世界の海洋プラスチック廃棄物の9割は、わずか10の河川から流れ込んでいる

世界の海洋プラスチック廃棄物の9割は、わずか10の河川から流れ込んでいる

7/12(木) 18:06配信

ニューズウィーク日本版
──その川とは……

プラスチック廃棄物が海洋に流出し、海洋生態系を脅かすようになって久しい。現在も、世界全体で1年間に800万トン規模のプラスチック廃棄物が海洋に流れ込んでいるとみられている。

川の地図、動画はこちら

それでは、これらのプラスチック廃棄物は、いったいどこから海洋に流れ込んでいるのだろうか。
ヘルムホルツ環境研究センター(UFZ)の研究プロジェクトによると、海洋に流出しているプラスチック廃棄物のおよそ9割が、わずか10の河川から流れ込んでいるという。

■ 10の河川とは…

その流出源として挙げられているのが、中国の長江、黄河、海河、珠江、中国とロシアとの国境付近を流れるアムール川、東南アジアを縦断するメコン川、インドのインダス川とガンジス・デルタ、アフリカ大陸東北部から地中海へと流れるナイル川、西アフリカのニジェール川で、いずれの流域も比較的人口の多い地域として知られている。

また、研究プロジェクトでは、プラスチック廃棄物の排出量とプラスチック廃棄物の不適切な処理との相関関係を分析し、流域で適正に処理されていない廃棄物が多いほど、河川から海に流出するプラスチック廃棄物の排出量が増えることを明らかにした。

研究プロジェクトを主導した水理地質学者のクリスチャン・シュミット博士は「これら主要な河川の流域からのプラスチック廃棄物の排出量を半減させるだけでも、海洋汚染の軽減に大きな効果をもたらす」と指摘。「そのためには、廃棄物の分別回収やリサイクルなど、廃棄物マネジメントの改善をはかるとともに、一般市民に向けた啓発活動を積極的に行うことが不可欠だ」と説いている。

■ 世界ではじまったプラスチック廃棄対策

いわずもがな、海洋に流出するプラスチック廃棄物の量を減らすことこそ、プラスチックによる海洋汚染の防止につながる最も有効な対策だ。

地球環境保護に先進的に取り組む米シアトル市では、2012年からプラスチック製レジ袋を禁じているほか、2018年7月1日、飲食店に対してプラスチック製のストローや容器、カップなどの消費者への提供を禁じる条例を定め、世界的な注目を集めた。

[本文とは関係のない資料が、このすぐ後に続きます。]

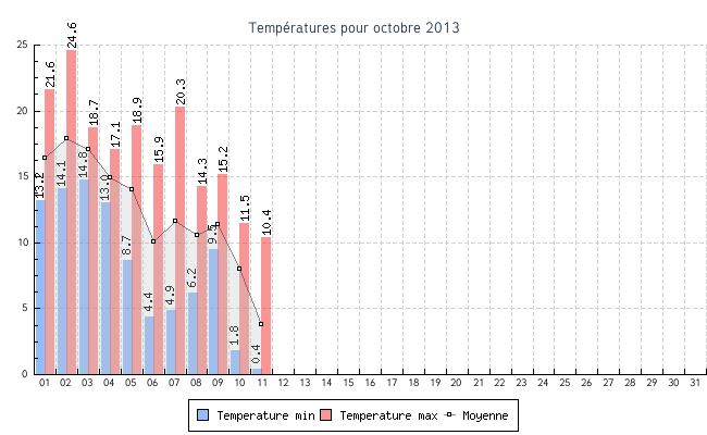 | 10 | 1.8 °C | 11.5 °C | 8.0 °C | 4.5 km/h (28.4 km/h) | NNE |
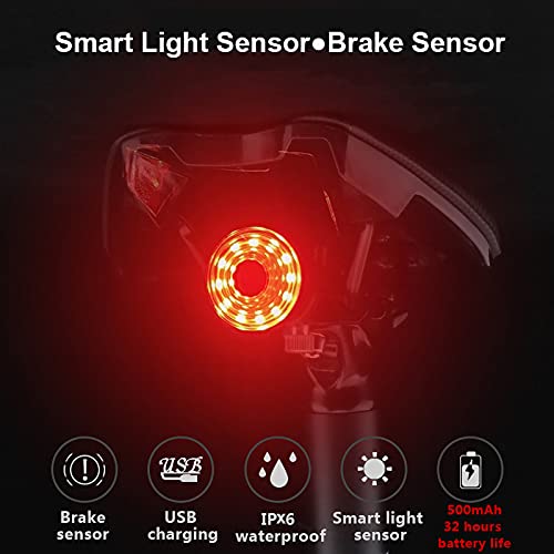 Fiets Achterlicht, Waterdicht LED Achterlicht,Remsensor Achterlicht, USB Oplaadbaar Fietsachterlicht, 7 Lichtstanden…

一方、欧州委員会では、EU加盟国に対して、プラスチック製レジ袋の消費量を2019年までに2010年比で80%削減するよう求めている。

また、新興国でも、同様の取り組みが始まっている。東アフリカのルワンダでは、すでに、レジ袋を禁じる法律が施行されている。

また、インドでは、2016年3月に「プラスチック廃棄物マネジメント法(PWM)」を定め、レジ袋の規格に制限を設けたほか、プラスチック廃棄物の回収・リサイクルの推進に国をあげて取り組んでいる。

プラスチック廃棄物の海洋流出をより効果的に食い止めるためには、この研究プロジェクトのように、プラスチック廃棄物の発生源や移動経路について科学的なアプローチからより詳しく解明していく必要もあるかもしれない。